Etherpad 是什么
Etherpad 是一款基于 Node.js 的开源实时协作编辑器,能让很多人同时在线编辑,团队用它写文章、新闻稿、会议记录或者待办事项都很方便。跟 Google Docs 比,它最大的优点是数据可以自己管,扩展性也很强。
本文不重复官方文档里那些基础的东西,而是结合实际,好好讲讲怎么开发一个集成了“富文本、组件化内容、多渠道发布”的插件。
Etherpad 大概长这样:

技术架构
Etherpad 用的是全栈 JavaScript,靠 Socket.io 做实时通信,还用 OT 算法解决多人同时编辑的冲突。
前端 (jQuery + Ace2):页面用 jQuery 搭,编辑器核心是用 iframe 装着的 Ace2(基于 contentEditable 做的),负责接收输入,生成 Changeset。
后端 (Node.js + UeberDB):负责管 WebSocket 连接,合并 Changeset,然后广播出去。

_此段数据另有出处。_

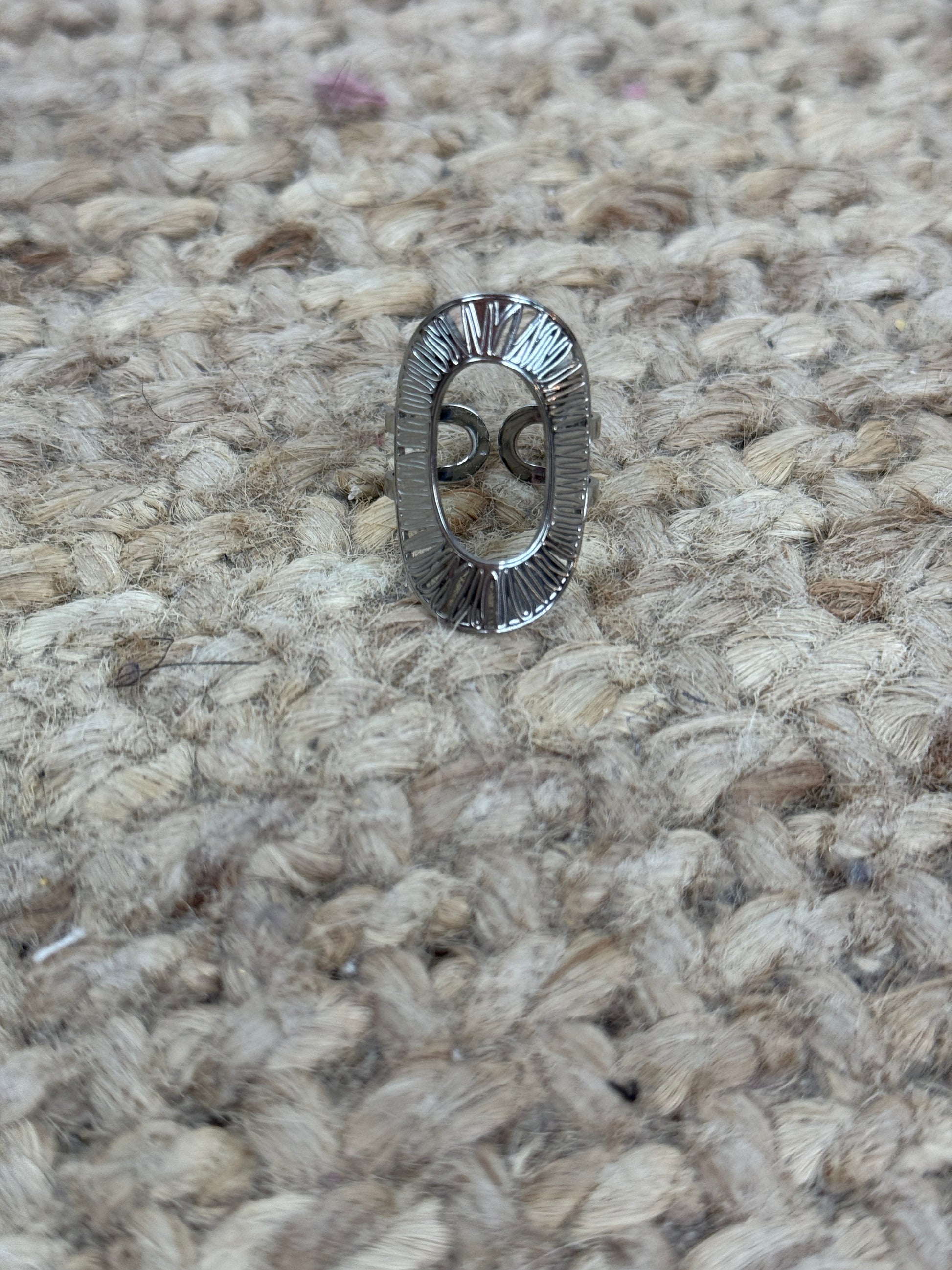 Anillo en forma ovalada con tiras en color plata , anillo ajustable.

插件系统 (Hook):系统在关键的地方(比如 padInitToolbar, getLineHTMLForExport)留了 Hook 让你加东西。
插件怎么做?
官方建议一个功能搞一个 npm 包,但如果要深度定制,这样做太麻烦了。建议建一个插件合集(比如叫 ep_plugins)。
我做的这个插件集合主要有三件事:
- 增强编辑器 (Ace):加了字体颜色、荧光笔、高亮字号、超链接、图片(包括删除)、图片脚注这些功能。
- 内容组件化:用“自定义标签(
<ep-*>)”来放复杂的内容(题图卡片、主题卡片、往期阅读卡片、公众号关注卡片、腾讯视频、文章目录</ep-*>等等),在编辑器里看着就像可以编辑的文本,导出或者发布的时候再解析成 HTML。 - 发布和外部系统整合:把 Etherpad 的内容变成 Markdown,再变成不同渠道(微信公众号 / WordPress)的 HTML,通过后端接口发出去,还提供预览和一键复制功能。
设计思路:
- 编辑的时候:用 Etherpad 的 attribute(changeset attribution)存样式信息(比如:
color=#f13b03、url=https://...),然后在 Ace 渲染的时候转成 CSS class 或者 DOM 结构,这样编辑起来更顺手。 - 导出/同步的时候:从 pad 的 AText(文本 + attribution)生成“增强版 Markdown”,把样式/组件用
<ep-*>标签留着;然后用marked和自定义扩展把<ep-*>变成不同渠道的 HTML。
开发行内样式(拿“字体颜色”举例)
行内样式开发流程:UI 触发 → 写入属性 → 渲染样式。
注册 UI 和写入属性 (Client Side)
先在工具栏注册按钮,然后监听下拉框的变化,调用 documentAttributeManager 写入数据。
// static/js/index.js
// 1. 监听工具栏初始化 (Hook: postToolbarInit)
exports.postToolbarInit = (hook, context) => {
const toolbar = context.toolbar;
// 注册下拉框变化事件
toolbar.registerCommand("fontColor", value => {
const ace = context.ace;
ace.callWithAce(
ace => {
// 给当前选区打上 color 属性
ace.ace_setAttributeOnSelection("color", value);
},
"fontColor",
true
);
});
};
将属性映射为 CSS Class (Client Side)
Etherpad 默认不认识 color 属性,需要我们告诉它如何渲染。
// static/js/index.js
// 2. 属性转 Class (Hook: aceAttribsToClasses)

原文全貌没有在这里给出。